WHAT NEEDS TO BE DONE
Set down the entries below exactly; drop the pictures.

DATA TO EXAMINE
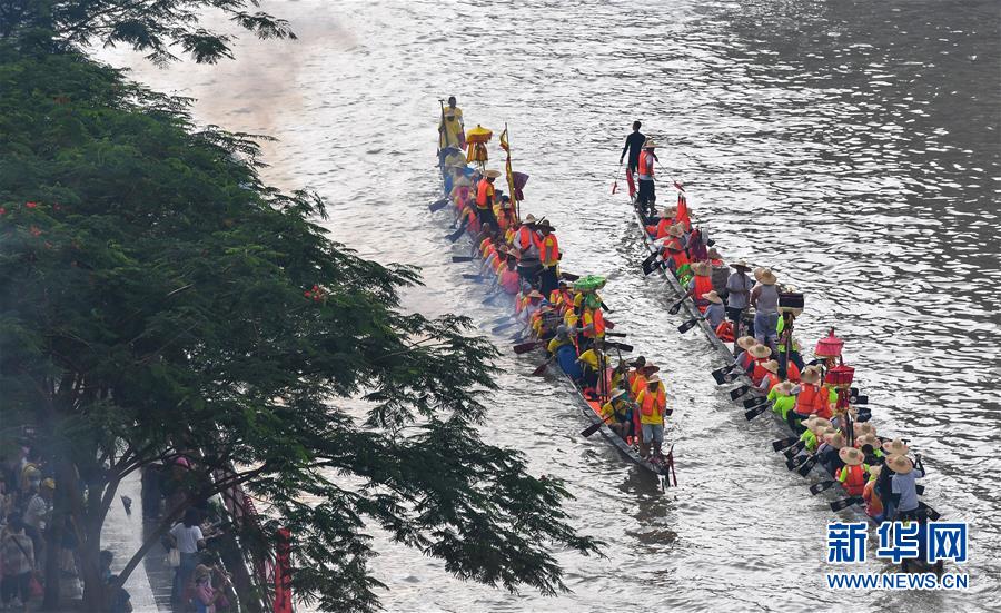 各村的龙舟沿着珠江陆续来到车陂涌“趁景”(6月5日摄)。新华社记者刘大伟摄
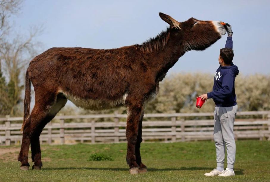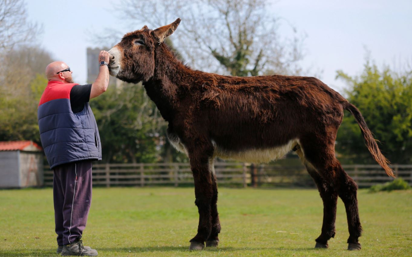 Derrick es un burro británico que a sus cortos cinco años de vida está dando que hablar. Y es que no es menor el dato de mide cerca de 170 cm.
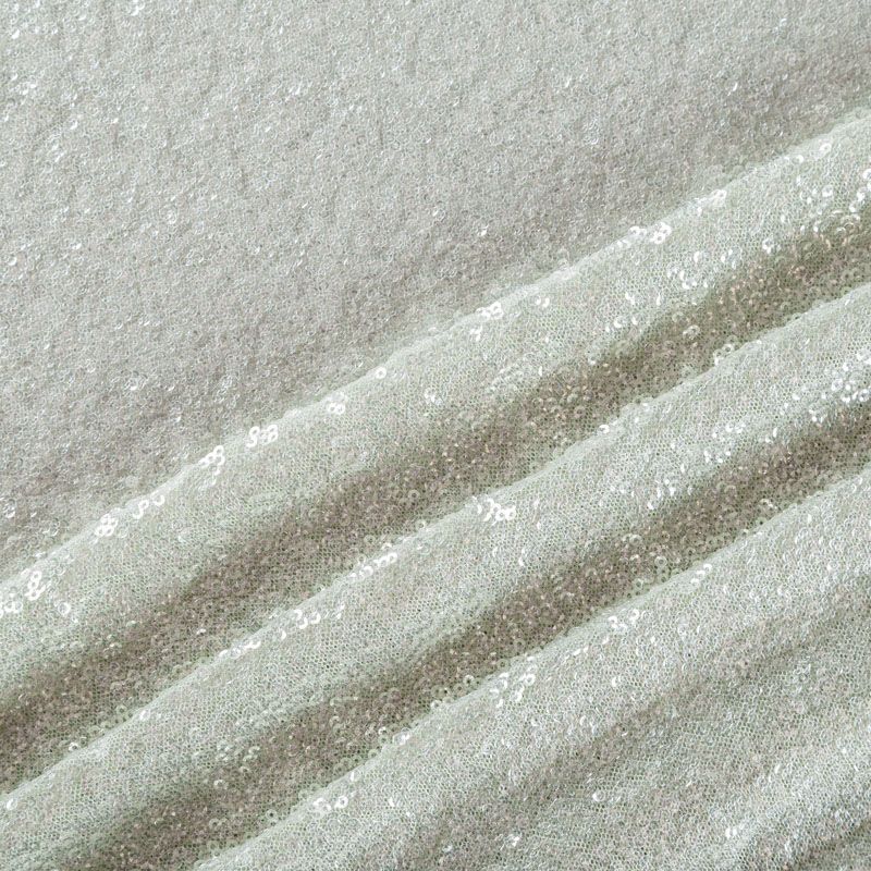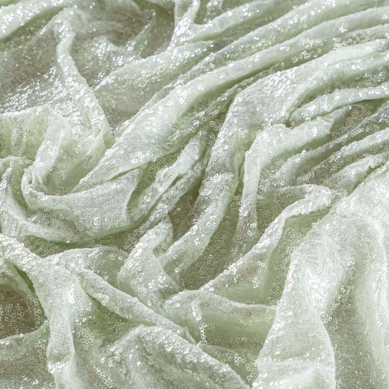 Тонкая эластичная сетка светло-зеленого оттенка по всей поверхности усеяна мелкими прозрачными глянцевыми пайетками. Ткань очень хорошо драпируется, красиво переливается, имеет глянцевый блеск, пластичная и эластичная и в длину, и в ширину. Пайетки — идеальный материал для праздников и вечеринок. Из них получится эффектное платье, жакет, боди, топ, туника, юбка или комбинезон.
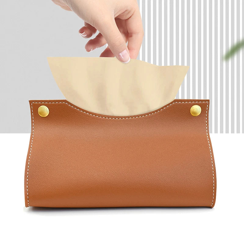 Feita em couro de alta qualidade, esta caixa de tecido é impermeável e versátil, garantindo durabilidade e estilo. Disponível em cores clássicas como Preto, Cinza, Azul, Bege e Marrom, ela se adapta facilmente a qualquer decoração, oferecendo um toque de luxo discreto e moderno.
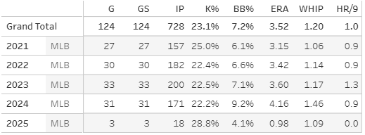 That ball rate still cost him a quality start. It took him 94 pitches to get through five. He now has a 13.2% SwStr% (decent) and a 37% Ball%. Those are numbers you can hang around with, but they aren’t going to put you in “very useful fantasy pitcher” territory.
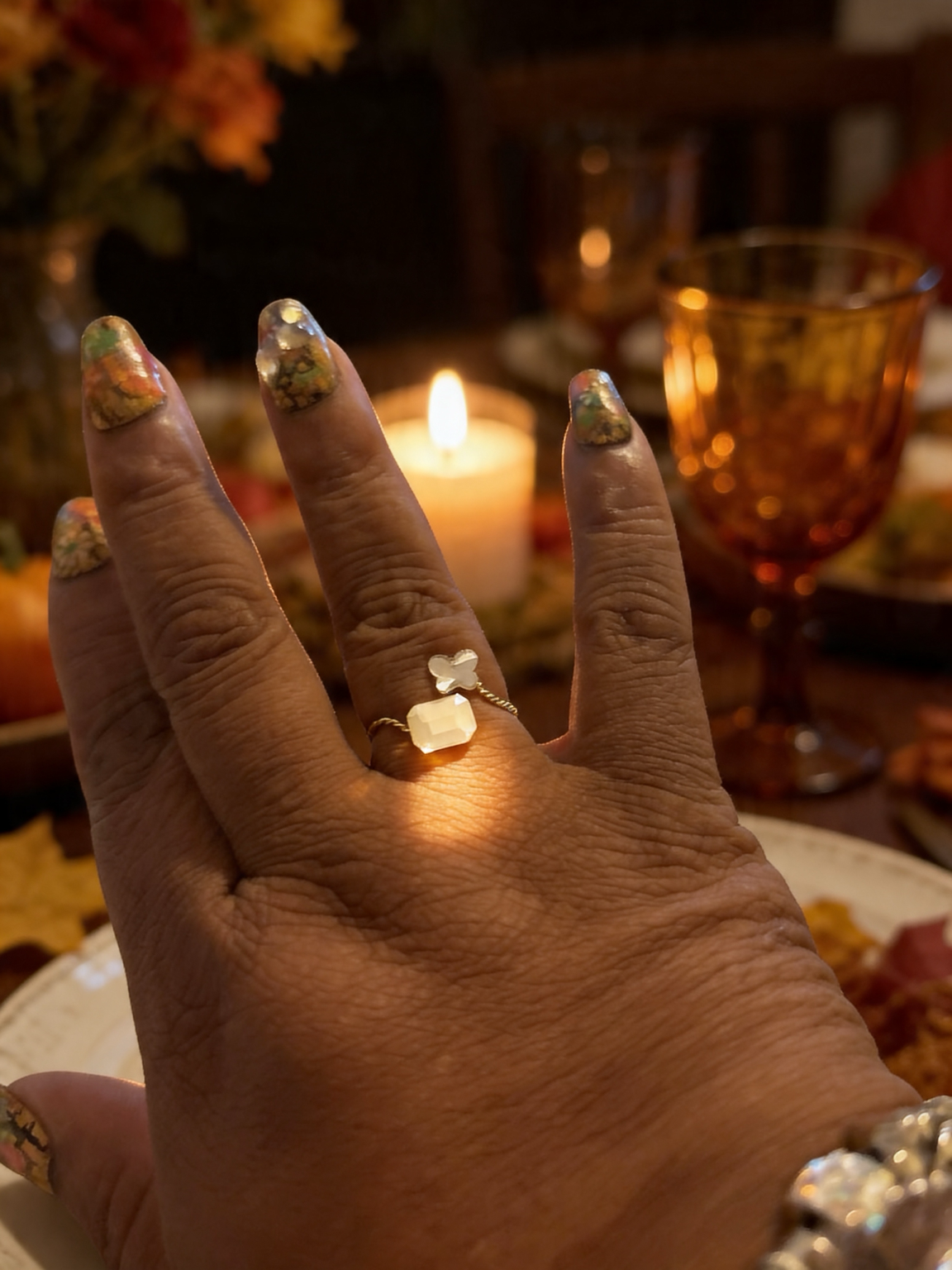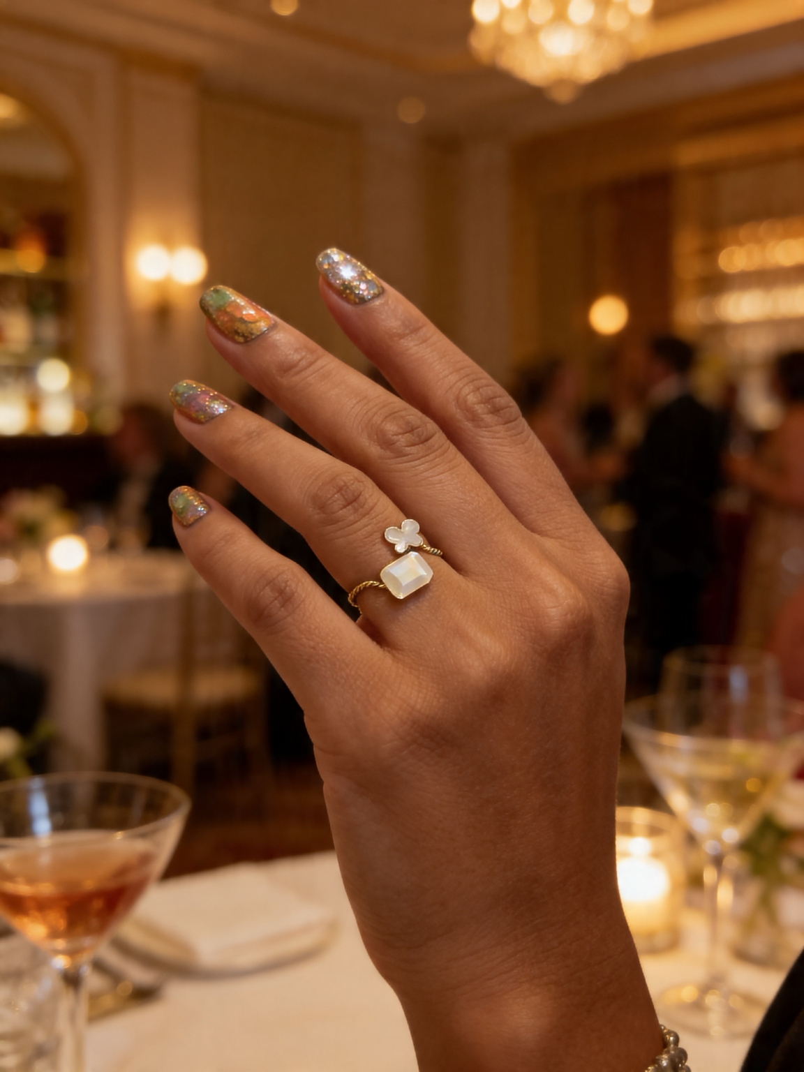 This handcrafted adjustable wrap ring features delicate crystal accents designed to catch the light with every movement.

ANSWER SECTION
 各村的龙舟沿着珠江陆续来到车陂涌“趁景”(6月5日摄)。新华社记者刘大伟摄
 Derrick es un burro británico que a sus cortos cinco años de vida está dando que hablar. Y es que no es menor el dato de mide cerca de 170 cm.
 Тонкая эластичная сетка светло-зеленого оттенка по всей поверхности усеяна мелкими прозрачными глянцевыми пайетками. Ткань очень хорошо драпируется, красиво переливается, имеет глянцевый блеск, пластичная и эластичная и в длину, и в ширину. Пайетки — идеальный материал для праздников и вечеринок. Из них получится эффектное платье, жакет, боди, топ, туника, юбка или комбинезон.
 Feita em couro de alta qualidade, esta caixa de tecido é impermeável e versátil, garantindo durabilidade e estilo. Disponível em cores clássicas como Preto, Cinza, Azul, Bege e Marrom, ela se adapta facilmente a qualquer decoração, oferecendo um toque de luxo discreto e moderno.
 That ball rate still cost him a quality start. It took him 94 pitches to get through five. He now has a 13.2% SwStr% (decent) and a 37% Ball%. Those are numbers you can hang around with, but they aren’t going to put you in “very useful fantasy pitcher” territory.
 This handcrafted adjustable wrap ring features delicate crystal accents designed to catch the light with every movement.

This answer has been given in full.